We are currently migrating Bugzilla to GitHub issues.
Any changes made to the bug tracker now will be lost, so please do not post new bugs or make changes to them.
When we're done, all bug URLs will redirect to their equivalent location on the new bug tracker.

Bug 5184

Summary: sdlgenblit.pl / SDL_blit_auto.c does expensive tasks in the inner pixel-processing loop
Product: SDL Reporter: bugmenot_0 <kajema2739>
Component: videoAssignee: Sam Lantinga <slouken>
Status: WAITING --- QA Contact: Sam Lantinga <slouken>
Severity: normal    
Priority: P2    
Version: 2.0.12   
Hardware: All   
OS: All   

Description bugmenot_0 2020-06-10 11:04:22 UTC
The code generator in sdlgenblit.pl moves a lot of the conditional operations into the inner loop which processes pixels.

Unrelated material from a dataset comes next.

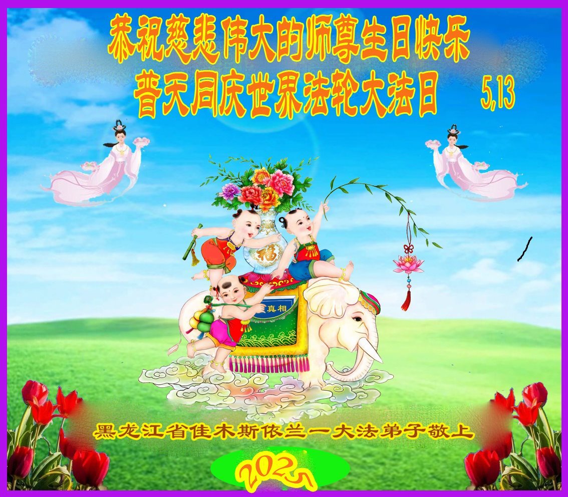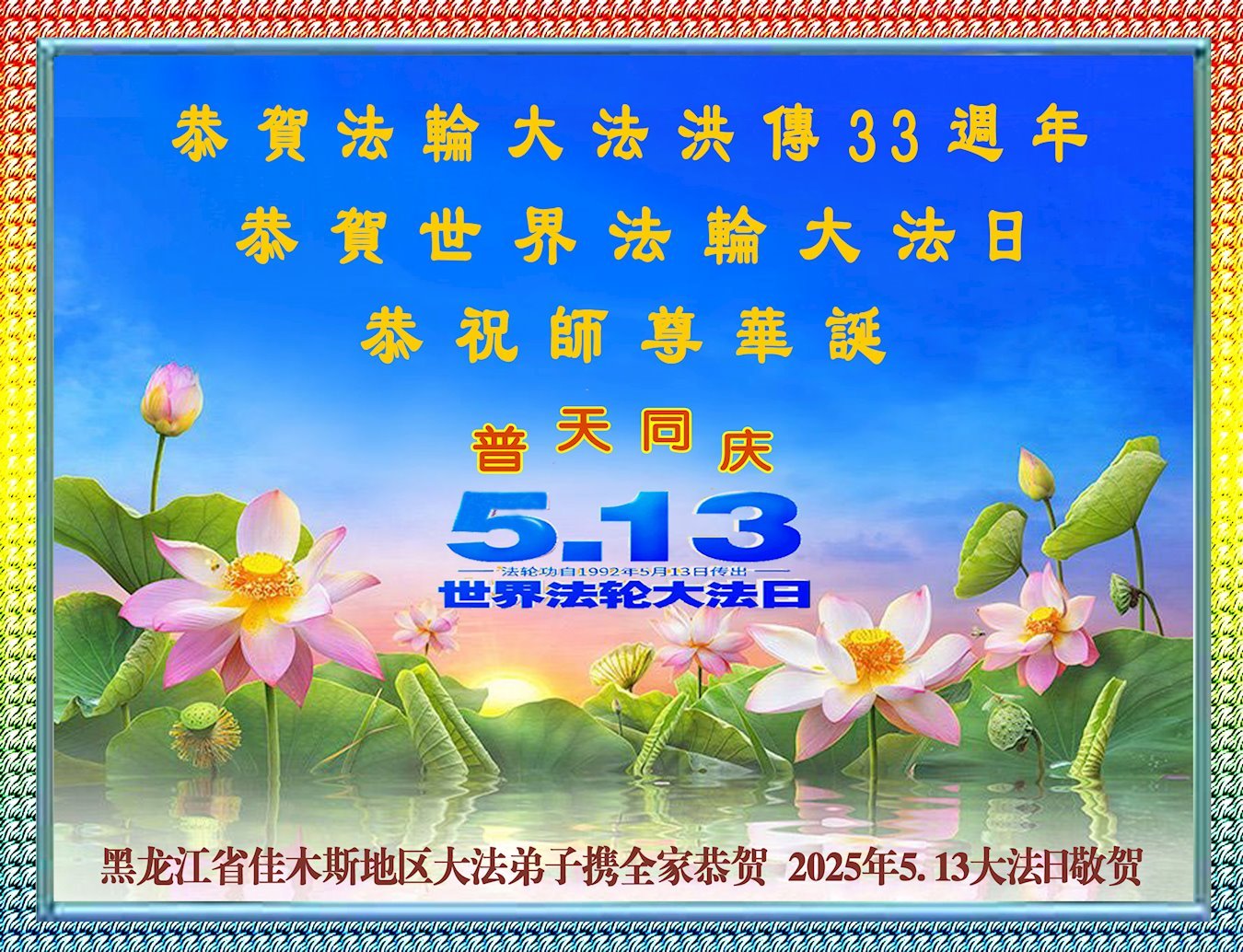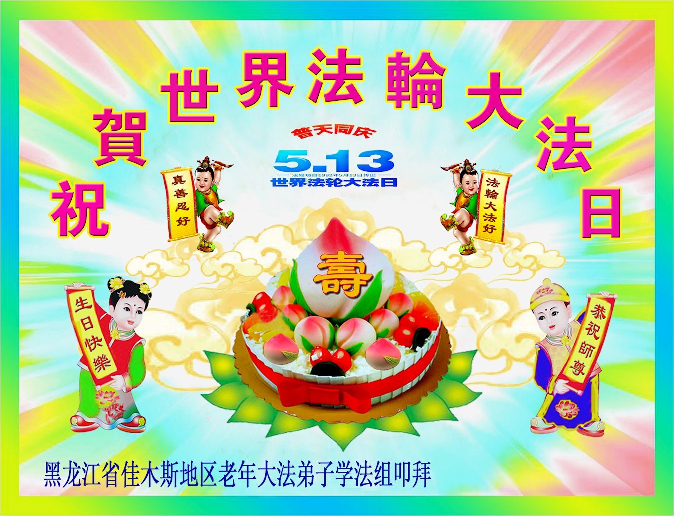 恭贺世界法轮大法日、恭祝师父生日快乐! 黑龙江省佳木斯地区全体大法弟子敬上 黑龙江省佳木斯地区明真相民众恭贺5.13世界法轮大法日!

This goes against intuition. While it creates readable code, it is potentially slow code.
I feel like the main purpose of the generator is to produce fast code, as the resulting code doesn't have to be concise and redundancy is to be expected.
The only code quality that matters is that of the generator script itself.

As such, it would probably be better to avoid constructs like this:

```
for(y = 0; y < height; y++)
    for(x = 0; x < width; x++)
        switch (flags) {
        case SDL_COPY_BLEND: process_pixel_blend(); break
        case SDL_COPY_ADD: process_pixel_add(); break;
        case SDL_COPY_MOD: process_pixel_mod(); break;
        case SDL_COPY_MUL: process_pixel_mul(); break;
        }
    }
}
```

Instead, the code generator should probably generate this:

```
switch (flags) {
case SDL_COPY_BLEND:
    for(y = 0; y < height; y++)
        for(x = 0; x < width; x++)
            process_pixel_blend();
        }
    }
    break;
case SDL_COPY_ADD:
    for(y = 0; y < height; y++)
        for(x = 0; x < width; x++)
            process_pixel_add();
        }
    }
    break;
case SDL_COPY_MOD:
    for(y = 0; y < height; y++)
        for(x = 0; x < width; x++)
            process_pixel_mod();
        }
    }
    break;
case SDL_COPY_MUL:
    for(y = 0; y < height; y++)
        for(x = 0; x < width; x++)
            process_pixel_mul();
        }
    }
}
```

This would avoid reliance on the optimizing compiler, and makes the intention more obvious, which might also affect optimizers.
Comment 1 Sam Lantinga 2020-06-10 15:49:06 UTC
Patches are welcome!

Please include optimized benchmark timing results for your changes.